** Opening EXERCISE DATA block **

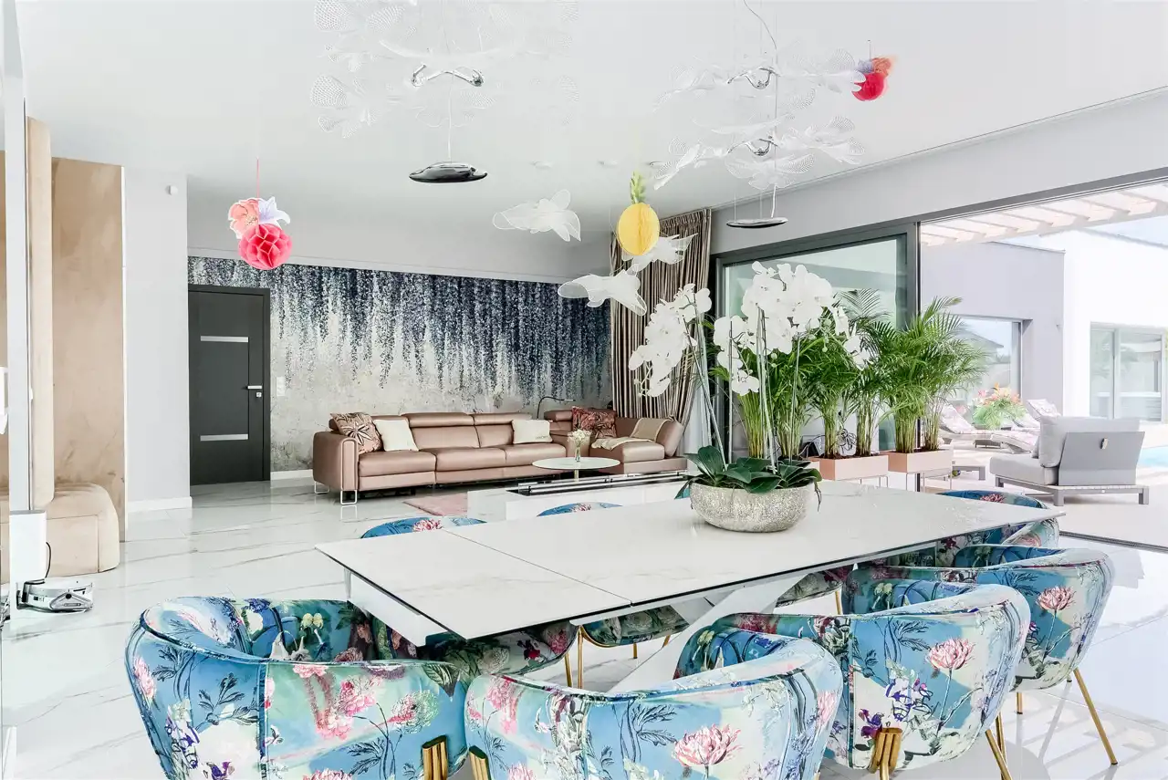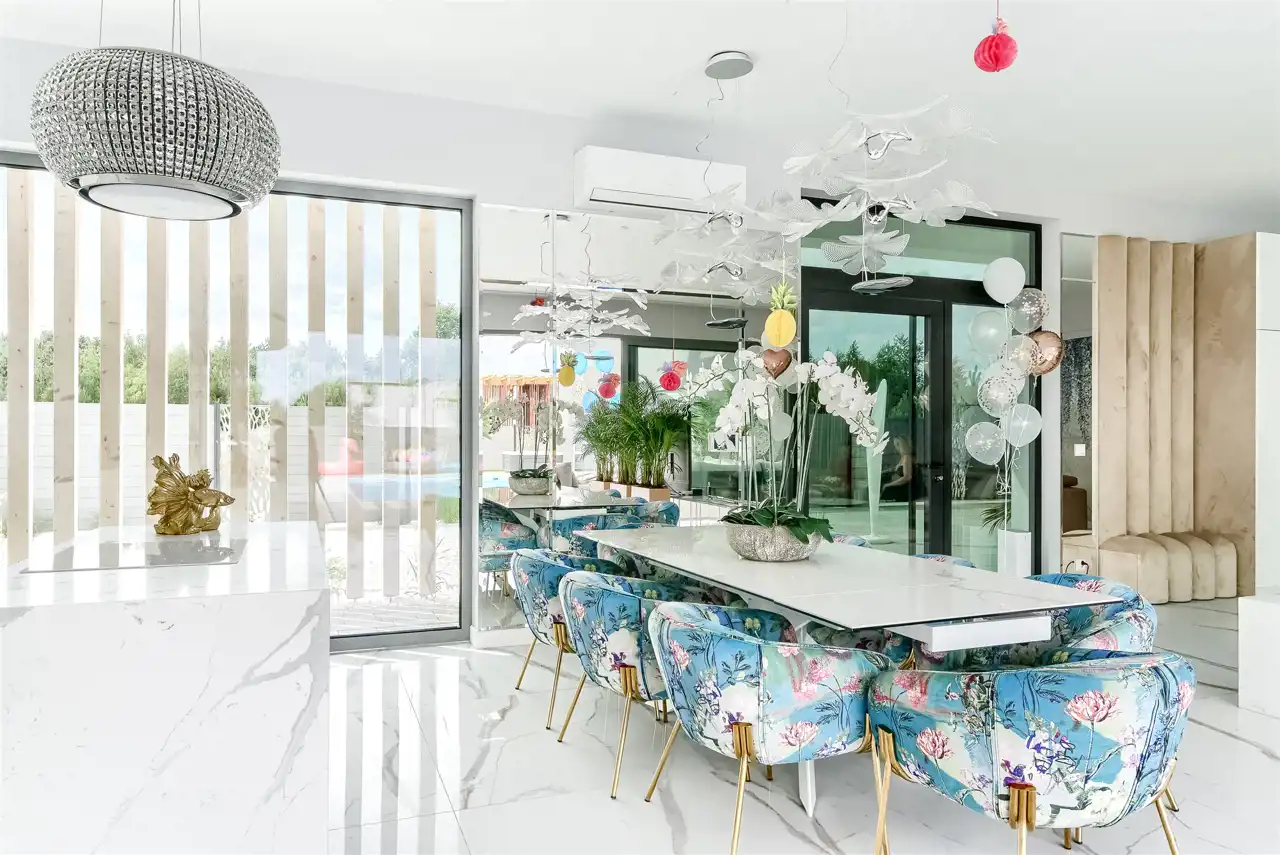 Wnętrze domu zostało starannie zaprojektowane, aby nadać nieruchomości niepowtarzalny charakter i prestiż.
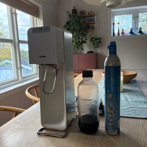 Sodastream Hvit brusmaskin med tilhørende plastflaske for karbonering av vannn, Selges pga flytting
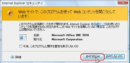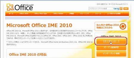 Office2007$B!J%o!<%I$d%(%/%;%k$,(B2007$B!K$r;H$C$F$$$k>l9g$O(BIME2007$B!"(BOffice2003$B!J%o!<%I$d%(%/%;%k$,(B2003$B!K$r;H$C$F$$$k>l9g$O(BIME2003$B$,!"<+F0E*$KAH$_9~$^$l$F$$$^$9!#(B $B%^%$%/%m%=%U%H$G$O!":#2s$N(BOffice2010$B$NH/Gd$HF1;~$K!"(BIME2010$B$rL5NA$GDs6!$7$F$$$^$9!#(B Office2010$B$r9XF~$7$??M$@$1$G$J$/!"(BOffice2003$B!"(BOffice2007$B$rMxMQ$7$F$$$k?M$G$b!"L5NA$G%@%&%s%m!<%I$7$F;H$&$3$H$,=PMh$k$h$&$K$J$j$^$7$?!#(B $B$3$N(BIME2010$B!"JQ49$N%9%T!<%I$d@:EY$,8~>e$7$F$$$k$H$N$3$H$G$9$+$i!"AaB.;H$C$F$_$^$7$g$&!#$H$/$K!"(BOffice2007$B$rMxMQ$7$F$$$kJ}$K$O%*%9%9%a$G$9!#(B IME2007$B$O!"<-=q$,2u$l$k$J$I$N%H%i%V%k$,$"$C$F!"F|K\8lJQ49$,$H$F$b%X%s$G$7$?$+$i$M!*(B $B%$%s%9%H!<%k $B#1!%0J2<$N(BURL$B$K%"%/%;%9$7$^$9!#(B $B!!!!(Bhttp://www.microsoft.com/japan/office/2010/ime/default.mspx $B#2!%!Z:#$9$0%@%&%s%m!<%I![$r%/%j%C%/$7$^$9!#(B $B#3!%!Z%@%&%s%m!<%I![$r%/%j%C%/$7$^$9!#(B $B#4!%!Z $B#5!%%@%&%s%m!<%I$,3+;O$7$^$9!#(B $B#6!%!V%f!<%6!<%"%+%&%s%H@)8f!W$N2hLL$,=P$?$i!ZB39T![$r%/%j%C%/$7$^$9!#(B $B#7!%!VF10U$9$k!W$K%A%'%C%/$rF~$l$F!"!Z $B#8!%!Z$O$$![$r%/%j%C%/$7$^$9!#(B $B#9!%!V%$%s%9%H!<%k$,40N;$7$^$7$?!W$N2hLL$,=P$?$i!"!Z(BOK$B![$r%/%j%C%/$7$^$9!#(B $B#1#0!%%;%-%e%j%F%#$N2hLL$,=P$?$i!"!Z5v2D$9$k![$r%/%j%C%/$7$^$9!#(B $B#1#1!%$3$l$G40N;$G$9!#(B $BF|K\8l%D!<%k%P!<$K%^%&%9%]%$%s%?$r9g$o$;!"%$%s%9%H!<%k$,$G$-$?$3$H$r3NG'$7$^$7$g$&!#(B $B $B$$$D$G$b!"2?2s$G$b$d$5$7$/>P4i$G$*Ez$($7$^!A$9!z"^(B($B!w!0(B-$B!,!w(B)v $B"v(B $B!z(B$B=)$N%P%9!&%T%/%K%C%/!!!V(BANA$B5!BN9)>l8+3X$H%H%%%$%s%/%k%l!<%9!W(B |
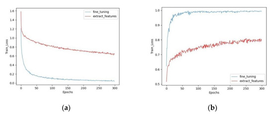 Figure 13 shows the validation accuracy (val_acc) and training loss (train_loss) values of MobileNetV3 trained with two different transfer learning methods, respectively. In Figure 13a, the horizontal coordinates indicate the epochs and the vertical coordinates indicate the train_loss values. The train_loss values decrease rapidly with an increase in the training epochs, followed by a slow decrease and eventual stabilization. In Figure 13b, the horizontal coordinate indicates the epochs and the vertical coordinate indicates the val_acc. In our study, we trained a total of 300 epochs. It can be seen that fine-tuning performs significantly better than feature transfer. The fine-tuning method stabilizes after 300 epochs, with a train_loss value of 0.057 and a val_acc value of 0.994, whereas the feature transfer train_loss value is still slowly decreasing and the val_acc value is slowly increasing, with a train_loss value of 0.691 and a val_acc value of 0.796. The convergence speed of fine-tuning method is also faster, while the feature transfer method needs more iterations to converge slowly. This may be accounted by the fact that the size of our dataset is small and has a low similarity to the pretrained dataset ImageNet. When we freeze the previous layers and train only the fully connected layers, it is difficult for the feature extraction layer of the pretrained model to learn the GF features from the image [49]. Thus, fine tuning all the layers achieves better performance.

** Closing EXERCISE DATA block **

* EXERCISE INSTRUCTIONS
Would you please output the listing above exactly, leaving out the pictures?

* ANSWER SECTION
 Wnętrze domu zostało starannie zaprojektowane, aby nadać nieruchomości niepowtarzalny charakter i prestiż.
 Sodastream Hvit brusmaskin med tilhørende plastflaske for karbonering av vannn, Selges pga flytting
 Office2007$B!J%o!<%I$d%(%/%;%k$,(B2007$B!K$r;H$C$F$$$k>l9g$O(BIME2007$B!"(BOffice2003$B!J%o!<%I$d%(%/%;%k$,(B2003$B!K$r;H$C$F$$$k>l9g$O(BIME2003$B$,!"<+F0E*$KAH$_9~$^$l$F$$$^$9!#(B $B%^%$%/%m%=%U%H$G$O!":#2s$N(BOffice2010$B$NH/Gd$HF1;~$K!"(BIME2010$B$rL5NA$GDs6!$7$F$$$^$9!#(B Office2010$B$r9XF~$7$??M$@$1$G$J$/!"(BOffice2003$B!"(BOffice2007$B$rMxMQ$7$F$$$k?M$G$b!"L5NA$G%@%&%s%m!<%I$7$F;H$&$3$H$,=PMh$k$h$&$K$J$j$^$7$?!#(B $B$3$N(BIME2010$B!"JQ49$N%9%T!<%I$d@:EY$,8~>e$7$F$$$k$H$N$3$H$G$9$+$i!"AaB.;H$C$F$_$^$7$g$&!#$H$/$K!"(BOffice2007$B$rMxMQ$7$F$$$kJ}$K$O%*%9%9%a$G$9!#(B IME2007$B$O!"<-=q$,2u$l$k$J$I$N%H%i%V%k$,$"$C$F!"F|K\8lJQ49$,$H$F$b%X%s$G$7$?$+$i$M!*(B $B%$%s%9%H!<%k $B#1!%0J2<$N(BURL$B$K%"%/%;%9$7$^$9!#(B $B!!!!(Bhttp://www.microsoft.com/japan/office/2010/ime/default.mspx $B#2!%!Z:#$9$0%@%&%s%m!<%I![$r%/%j%C%/$7$^$9!#(B $B#3!%!Z%@%&%s%m!<%I![$r%/%j%C%/$7$^$9!#(B $B#4!%!Z $B#5!%%@%&%s%m!<%I$,3+;O$7$^$9!#(B $B#6!%!V%f!<%6!<%"%+%&%s%H@)8f!W$N2hLL$,=P$?$i!ZB39T![$r%/%j%C%/$7$^$9!#(B $B#7!%!VF10U$9$k!W$K%A%'%C%/$rF~$l$F!"!Z $B#8!%!Z$O$$![$r%/%j%C%/$7$^$9!#(B $B#9!%!V%$%s%9%H!<%k$,40N;$7$^$7$?!W$N2hLL$,=P$?$i!"!Z(BOK$B![$r%/%j%C%/$7$^$9!#(B $B#1#0!%%;%-%e%j%F%#$N2hLL$,=P$?$i!"!Z5v2D$9$k![$r%/%j%C%/$7$^$9!#(B $B#1#1!%$3$l$G40N;$G$9!#(B $BF|K\8l%D!<%k%P!<$K%^%&%9%]%$%s%?$r9g$o$;!"%$%s%9%H!<%k$,$G$-$?$3$H$r3NG'$7$^$7$g$&!#(B $B $B$$$D$G$b!"2?2s$G$b$d$5$7$/>P4i$G$*Ez$($7$^!A$9!z"^(B($B!w!0(B-$B!,!w(B)v $B"v(B $B!z(B$B=)$N%P%9!&%T%/%K%C%/!!!V(BANA$B5!BN9)>l8+3X$H%H%%%$%s%/%k%l!<%9!W(B |
 Figure 13 shows the validation accuracy (val_acc) and training loss (train_loss) values of MobileNetV3 trained with two different transfer learning methods, respectively. In Figure 13a, the horizontal coordinates indicate the epochs and the vertical coordinates indicate the train_loss values. The train_loss values decrease rapidly with an increase in the training epochs, followed by a slow decrease and eventual stabilization. In Figure 13b, the horizontal coordinate indicates the epochs and the vertical coordinate indicates the val_acc. In our study, we trained a total of 300 epochs. It can be seen that fine-tuning performs significantly better than feature transfer. The fine-tuning method stabilizes after 300 epochs, with a train_loss value of 0.057 and a val_acc value of 0.994, whereas the feature transfer train_loss value is still slowly decreasing and the val_acc value is slowly increasing, with a train_loss value of 0.691 and a val_acc value of 0.796. The convergence speed of fine-tuning method is also faster, while the feature transfer method needs more iterations to converge slowly. This may be accounted by the fact that the size of our dataset is small and has a low similarity to the pretrained dataset ImageNet. When we freeze the previous layers and train only the fully connected layers, it is difficult for the feature extraction layer of the pretrained model to learn the GF features from the image [49]. Thus, fine tuning all the layers achieves better performance.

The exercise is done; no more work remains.